Proof related to monotone functions and induction

Question

1)$f : N => R$ is monotone increasing $<=> f(n) $$\leq$$ f(n+1)$ for all $n$ in $N$

2) The function f: R=>R / f(x) = 2x $ - \lfloor\ x \rfloor$ checks that $f(x)$$\leq$$f(x+1)$ however it isn't monotone increasing

Answer 1

1) If $f$ is monotone increasing obviously $f(n) \leq f(n + 1)$ for all $n \in \mathbb{N}$. Let's prove the other implication. Taken $n, m \in \mathbb{N}$ such that $n < m$ we have that $m = n + k$ for a $k >0$.
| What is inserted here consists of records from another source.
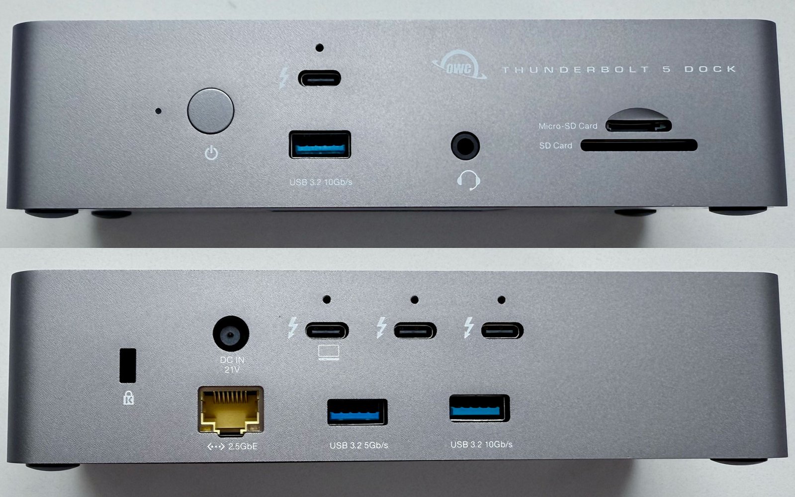 OWC Thunderbolt 5集线器(上)与扩展坞(下)前端接口对比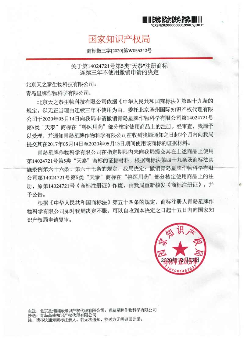 北京圣州国际代理北京天之泰生物科技有限公司第14024721号第5类“天泰”商标连续三年不使用撤销成功案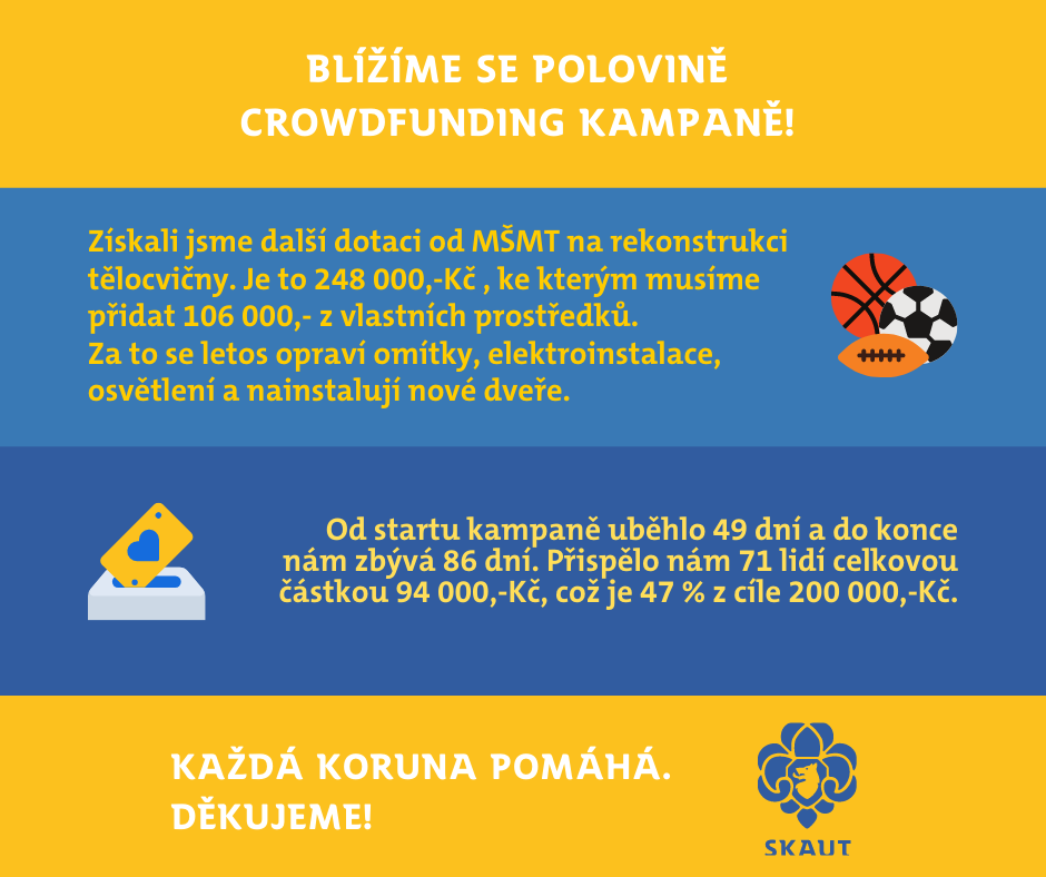 Na rekonstrukci a jejím financování se budou významnou měrou podílet vlastní ušetřené prostředky střediska a také finance z pronájmů budovy jiným skupinám. Zároveň hlídáme všechny dotační tituly, které lze pro naše záměry použít. To ale bohužel nestačí. Proto prosíme o finanční podporu Vás - rodiče, bývalé členy, kamarády a příznivce myšlenky skautingu. Bez vaší podpory se projekty neobejdou!

We proceed by induction on $k$. The case $k = 1$ is guaranteed by our hypothesis. We assume the thesis holds for $k$ and we prove it for $k + 1$: $$f(n + k + 1) \geq f(n + k) \geq f(n)$$ We used the hypothesis for the first inequality and the induction for the second. We proved our proposition.

2) Knowing that $\lfloor x + 1 \rfloor =\lfloor x \rfloor + 1$ we can see that $$ f(x + 1) = 2x + 2 - \lfloor x + 1 \rfloor = 2x + 1 - \lfloor x \rfloor = f(x) + 1 > f(x) $$ So we proved that for every $x \in \mathbb{R}$ we have $f(x) \leq f(x+1)$.

But $f$ is not monotone increasing: $\frac{3}{4} < 1$ but $$f\left({\frac{3}{4}}\right) = \frac{3}{2} > 1 = f(1)$$.